The Deu/Dsd ratio was mainly determined by changes in Dsd rather than Deu (Figure 8A). The regression tree constructed for the Deu/Dsd ratio, using environmental factors as predictors, showed that SMM concentration was the primary predictor determining the value of this ratio (Figure 8B). When SMM concentration exceeded 7.5 g m−3 and Dsd was below 0.85 m, the Deu/Dsd ratio was around 4 (Figures 8A, B). A more complex relationship was observed for lower SMM concentrations and higher Dsd values where different combinations of mineral and organic suspended matter concentrations, estuary depth and differences between Dsd and D10% or Deu led to similar Deu/Dsd values (Figure 8).

For example, the average Deu/Dsd ratio was about 2.7 when:

1. the SMM was below 7.5 g m−3, the SOM concentration was greater than or equal to 2.3 g m−3, and the depth was above 13 m;

2. the SMM was below 7.5 g m−3 and SOM concentration was less than 1.8 g m−3, with estuary depth not affecting the variance of Deu/Dsd ratio (Figure 8B).

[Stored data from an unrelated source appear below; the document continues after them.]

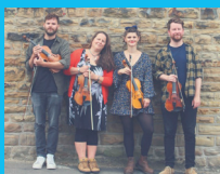
English Fiddle Ensemble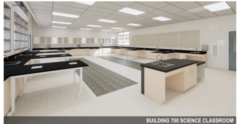
Interior Project Renderings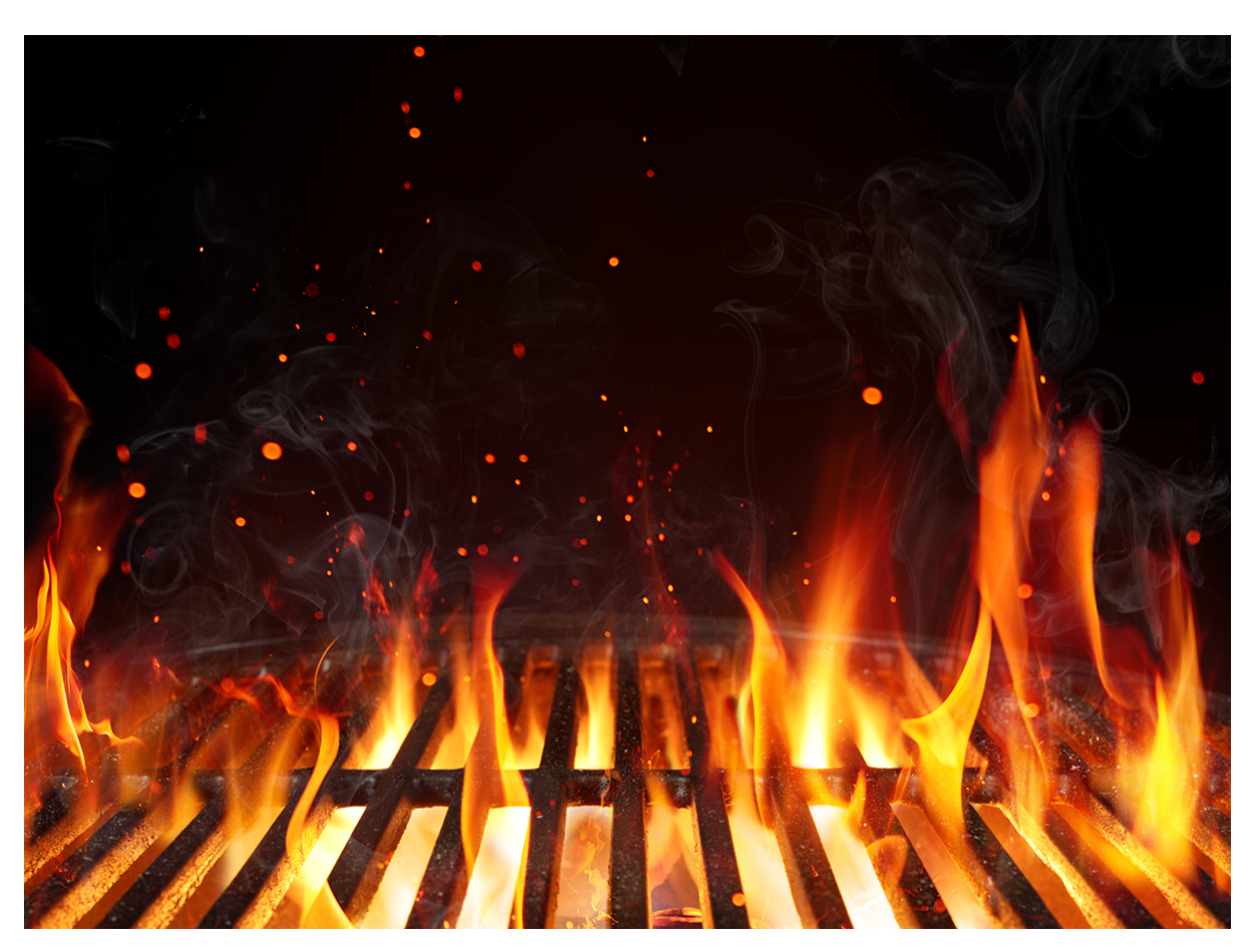
Through the Fire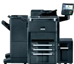
Shown with standard 270 sheet DSDP, optional 3,000 sheet side LCT and 4,000 sheet finisher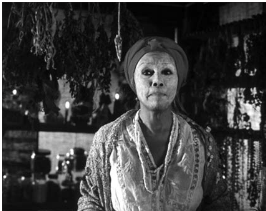
Diahann Carroll as Elzora.

conclusions. Was it the twenty dollars and the bit of hair from his comb that began Louis's demise, or was it the words Eve deposited into the psyche of Mr. Mereaux? We are left to wonder whether it is Eve or Elzora who casts the spell that kills Louis Batiste. Perhaps it is the combination of the two. Or perhaps it was Louis who, as Elzora predicted, "fell on his own sword."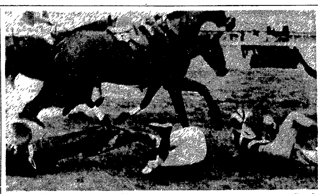
TWO DOWN — Two riders tumble to the turf after their mounts ran into trouble at the Aintree, England steeplechase course yesterday. The jump is part of the Grand National Steeplechase, which will be run Saturday.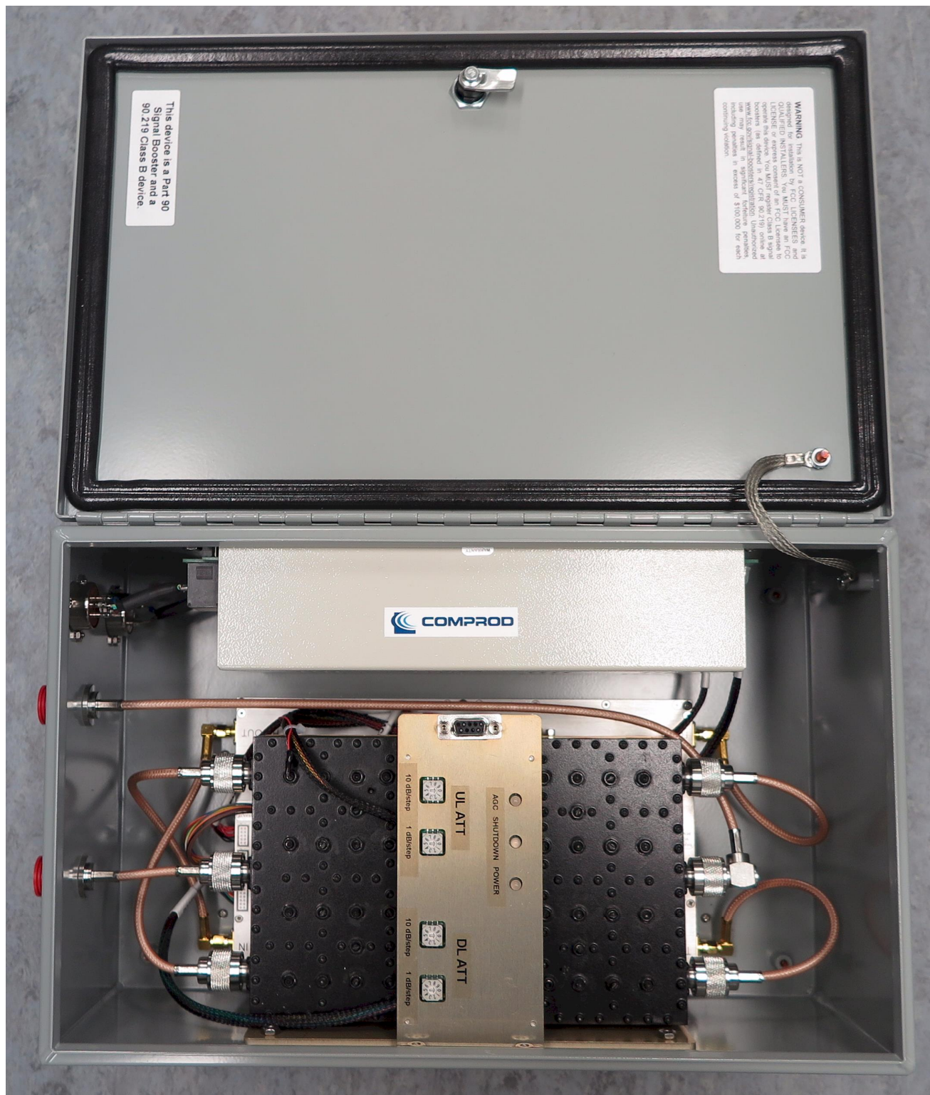
Figure 5: Label position on the BDA

The amplifier unit has its FCC/IC, warning and Signal Booster Class B labels on the front cover, as shown in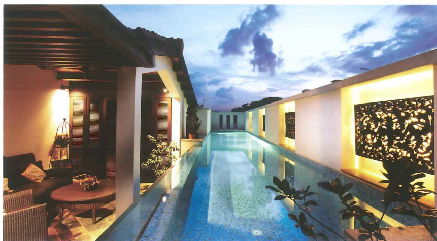
Swimming pool over rear courtyard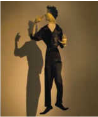
In Defiance of Gravity, performance at Steve Turner Contemporary, May 2009.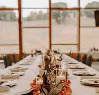
Aurora Pines Photography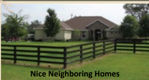
Nice Neighboring Homes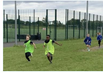
Cross Country Round 2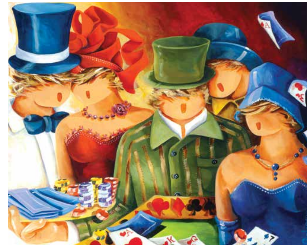
above, A Votre Service, acrylic, 24" x 30" left, Complicite, acrylic, 24" x 24"

immediately," he recalls with a smile, "but after several attempts, Multi Art was seduced by my work and they agreed to show my paintings on a trial basis in order to judge the reaction of their clientele. The very date of my fortieth birthday, Multi Art finally gifted me a permanent position on its team! From that day forward, I have been represented by a dozen significant galleries across Canada!"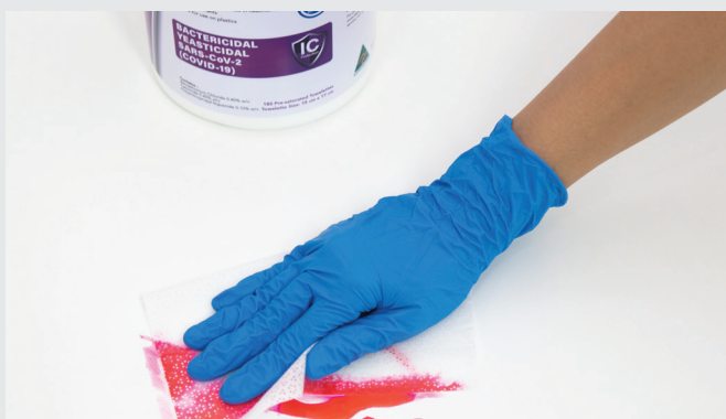
B: Wiping from clean to dirty in an S-shaped pattern, ensuring not to go over the same area twice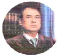
CHIEF JUSTICE ALEXANDER G. GESMUNDO Supreme Court Keynote Speaker

The lowest Deu/Dsd values around 2.0 were observed at concentrations of SMM< 1.4 g m−3 and SOM > 2.3 g m−3, while the D< 13 m, Dsd > 0.85 m, Deu< 3.5 m, and Dsd differed from the theoretical D10% less than 0.28 m (Figures 8A, B). These findings indicate that the calculation of Deu from Dsd values in estuaries using simple linear regressions is hardly justified, as real data can deviate significantly from theoretical predictions.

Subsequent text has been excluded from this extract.